An historic agreement in Paris – now the hard work begins
It was the moment we’d all been waiting for.
After two decades of false starts and bitter disputes, the world’s governments agreed in Paris to keep global warming to less than 2 degrees, and to achieve ‘net zero’ emissions of carbon dioxide by the end of the century. The agreement reached at COP21 signals a level of ambition that exceeds what many battle-weary campaigners believed was possible.
On its own terms Paris was a huge diplomatic success, and the politicians involved have wasted no time in describing it as such. The ‘landmark’, ‘unprecedented’ and ‘world-changing’ agreement was widely reported by media across the world.
We should celebrate the fact that all countries have signalled their willingness to play their part in decarbonising the global economy.
But we should also be clear that behind the ‘agreement’ lies much that is still disputed. And it is these points of dispute that will determine how the lofty ambitions committed to paper this weekend will play out over the coming decades.
We have arrived at the start-line 20 years too late, and we have some serious catching up to do. The path ahead is paved with exactly the same dangers that it was before the Paris deal was reached: the difference is that we have agreed to walk down it together.

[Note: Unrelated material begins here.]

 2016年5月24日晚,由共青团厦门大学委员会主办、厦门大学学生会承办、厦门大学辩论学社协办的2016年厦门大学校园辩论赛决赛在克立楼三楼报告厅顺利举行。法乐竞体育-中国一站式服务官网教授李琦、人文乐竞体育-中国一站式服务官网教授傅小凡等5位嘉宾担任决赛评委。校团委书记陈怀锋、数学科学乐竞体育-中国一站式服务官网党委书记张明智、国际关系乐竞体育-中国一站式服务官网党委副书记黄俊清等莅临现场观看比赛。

But now more than ever we need a coherent, comprehensive and credible strategy for public engagement. How can we turn the rhetoric of the Paris deal into reality?
First and foremost we need some frank and honest debate about what it would really mean to live in carbon-constrained world. People don’t think about the future by picturing a change in global average temperatures. So we need to ask how the radical carbon cuts necessary to achieve the aspirations of the Paris deal can be translated into people’s lived experiences.

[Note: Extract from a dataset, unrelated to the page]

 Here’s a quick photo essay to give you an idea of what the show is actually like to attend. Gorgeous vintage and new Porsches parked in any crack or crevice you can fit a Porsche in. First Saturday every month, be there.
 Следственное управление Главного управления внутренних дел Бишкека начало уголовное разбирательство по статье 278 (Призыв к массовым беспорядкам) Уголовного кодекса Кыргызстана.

The Paris agreement provides an important structure for having these conversations. Perhaps we can leave behind for good the spurious sceptic logic of ‘I will if they will’ – now ‘’we must’ because ‘they are’.
But the disagreements that remain are where the real action is on climate change – disputes grounded in different values, and played out in the familiar fight between conservatives and progressives.

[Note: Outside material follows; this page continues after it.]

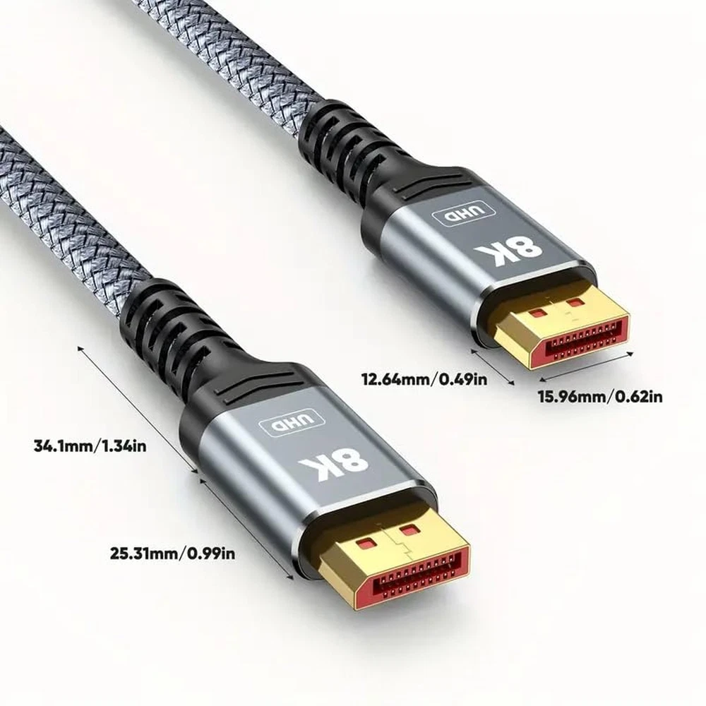 Capshi 8K 4K DisplayPort Cable 1.4, 6.6FT DP Cord (VESA Certified, 8K@60Hz, 4K@144Hz, 2K@240Hz/165Hz), 32.4Gbps High Speed Display Port Cable for Gaming Monitor, HDR/FreeSync/G-Sync, Braided, Grey Product Details Size: 6.6 Feet Style: 8K-1 Pack Color: Grey Brand: Capshi MPN: Capshi-6601 UPC: 738628999368 EAN: 0738628999368 Brand: Capshi Connector Type: DisplayPort Cable Type: Display Port Compatible Devices: Gaming Monitor, Desktop, Laptop, UHD TV, for AMD Graphics Card, for NVIDIA Graphics Card Special Feature: Braided, DP 1.4, High Speed Brand: Capshi Connector Type: DisplayPort Cable Type: Display Port Compatible Devices: Gaming Monitor, Desktop, Laptop, UHD TV, for AMD Graphics Card, for NVIDIA Graphics Card Special Feature: Braided, DP 1.4, High Speed Recommended Uses For Product: Displayport to Displayport 1.4 Color: Grey Connector Gender: Male-to-Male Data Transfer Rate: 32.4 Gigabits Per Second Shape: Round Number of Pins: 10 Frequency: 240 Hz AC Adapter Current: 3 Amps Unit Count: 6.6 Feet Gauge: 28.0 Specification Met: Vesa Indoor/Outdoor Usage: Indoor Number of Items: 1 Outer Material: Nylon Manufacturer: Capshi UPC: 738628999368 Package Dimensions: 7.2 x 7.17 x 0.79 inches Item Weight: 4.2 ounces Item model number: Capshi-6601 Date First Available: July 15, 2020 8K DisplayPort Cable 1.4: This VESA Certified Displayport 1.4 Cable supports 8K@60Hz, 5K@60Hz, 4K@144Hz/120Hz, 2K@240Hz/165Hz and HDCP 2.2/1.4. Display port 1.4 cable is more flexible and slimmer than 28AWG tinned copper, can directly be connected from DisplayPort equipped desktop/laptop to monitor Multi-functional Support: The 8K DisplayPort cable supports video resolutions up to 8K@60Hz and transmits HD audio and video from computer to display, ideal for video streaming and gaming. It is also backward compatible with DP 1.3/1.2/1.1 Advanced Technology: The cable delivers enhanced bandwidth via HBR3 (32.4 Gbps), featuring multiple shielding layers and 24K gold-plated connectors. Supports Display Stream Compression 1.2 (DSC), FEC error correction, 32-channel audio, plug & play functionality, and Mirror/Extended Modes Ultimate Gaming Experience: High refresh rates of 4K@144Hz and 2K@165Hz enable crystal-clear enemy tracking with zero frame drops. Dynamic HDR optimizes dark scenes and enhances visual details, delivering tactical advantages in FPS games and immersion in AAA masterpieces Universal Compatibility: The DisplayPort cable is compatible with all graphics cards and monitors with DisplayPort ports; It supports DP, DP++, and DisplayPort++; Avoid using extensions or adapters, as signal conversion may reduce performance

For example, despite the rush to celebrate the end of the fossil fuel era, the truth may be a little less straightforward. In addition to the ‘net zero’ target, there are precisely zero mentions of fossil fuels in the final Paris text, and zero indication of how the production of fossil fuels (as opposed to the emissions they cause) will be curtailed.
Carbon neutrality could mean anything from abandoning fossils fuels altogether to relying on climate engineering technologies that are currently untested and likely to be unpopular among the public.
Finding common ground on these more contentious topics is where the energies of climate communicators are best placed now that the skeleton of a sustainable world has been assembled.
At Climate Outreach, we believe that meaningful engagement with climate change is best catalysed by starting with people’s values, and the ‘things they love’ that are affected by climate change. In our narrative workshops with members of the public from a wide variety of backgrounds – from faith groups, to young people, those on the centre-right – we offer people the chance to talk about climate change on their own terms, and from their own perspective.
As we look down the long road ahead of us, and reflect on what achieving the Paris goals will mean for how we live and the future we want, this kind of values-based public engagement is more crucial than ever.
For the first time in years, climate change campaigners have the bit between their teeth and a solid, global agreement on which to base their advocacy.
Now we need to harness this positive energy and momentum, and move climate change from a scientific to a social reality.